Processing: Any operation or set of operations performed on personal data, including collection, recording, organisation, storage, modification, retrieval, use, disclosure or deletion.
Data Processor: A third party that processes personal data on behalf of the Data Controller.
Third Parties: Organizations, individuals or entities that are not part of our organization, but may be involved in processing data on our behalf.

3. Purposes and Legal Basis for Data Processing

We collect and process your personal data for various purposes, depending on how you interact with our website and services. We only process your personal data where there is a valid legal basis for doing so.

a) Data Collection and Registration

Personal data may be collected from users through forms, subscriptions, communication channels or when you access certain features of our website. The types of personal data we collect include, but are not limited to:

Identification details: Name, email address, telephone number and postal address.
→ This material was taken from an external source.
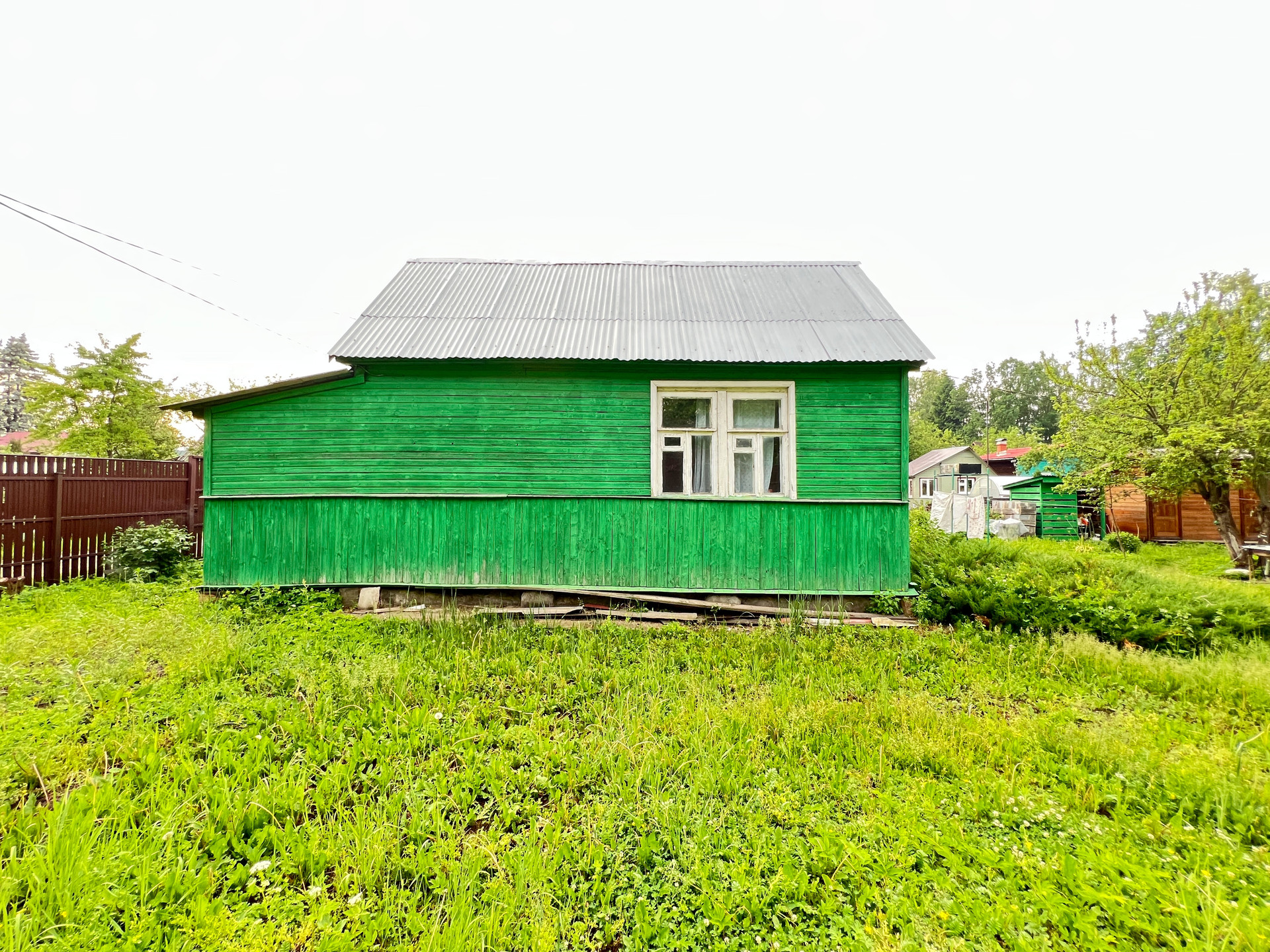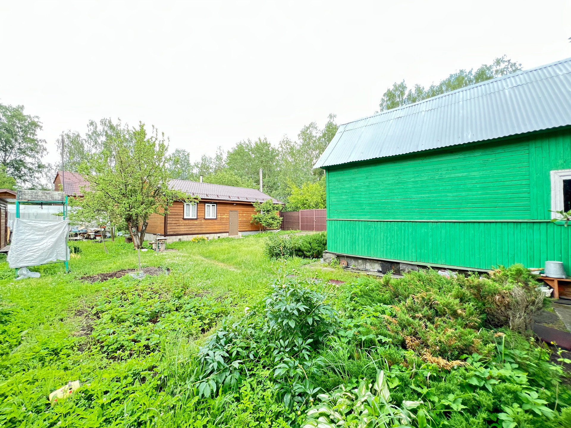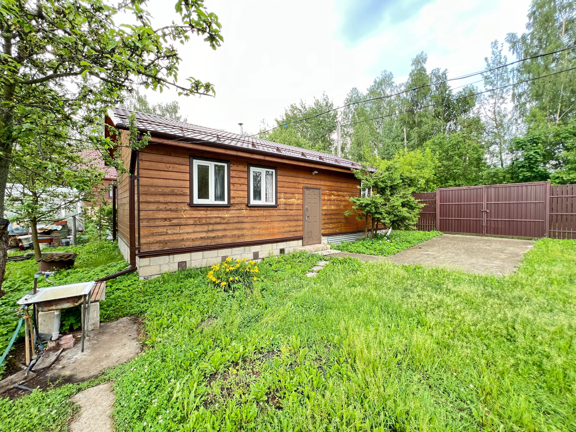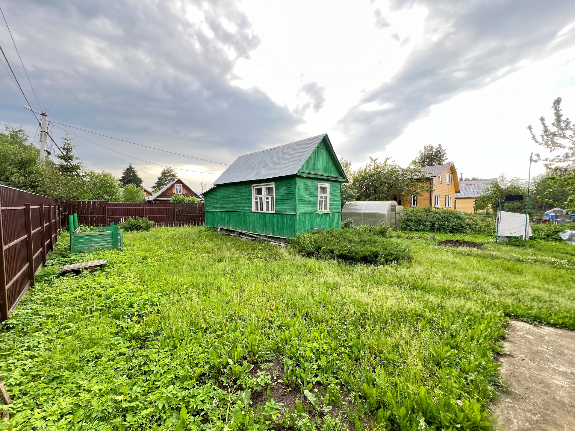 Участок 6.7 соток правильной формы, межевание проведено, весной не затапливает. По периметру огорожен забором, есть ворота для въезда автомобиля, забетонированная площадка.

Login and account information: Username, password, and authentication data.

Usage Data: Information about how you interact with our website and services, such as IP address, browser type, pages visited, and time spent on each page.

Communication data: Records of queries, complaints or requests sent via email, contact forms or customer service channels.

Payment information: If applicable, payment details such as credit card information or payment transaction details to process payments related to our services.

b)Legal Basis for Processing

The legal basis for processing your personal data varies depending on the context in which the data is collected:

User consent: We may process your personal data based on your explicit consent (for example, subscribing to newsletters, accepting marketing communications).

Performance of a contract: Processing may be necessary to fulfill a contract in which you have participated, such as providing services you have requested or managing your account.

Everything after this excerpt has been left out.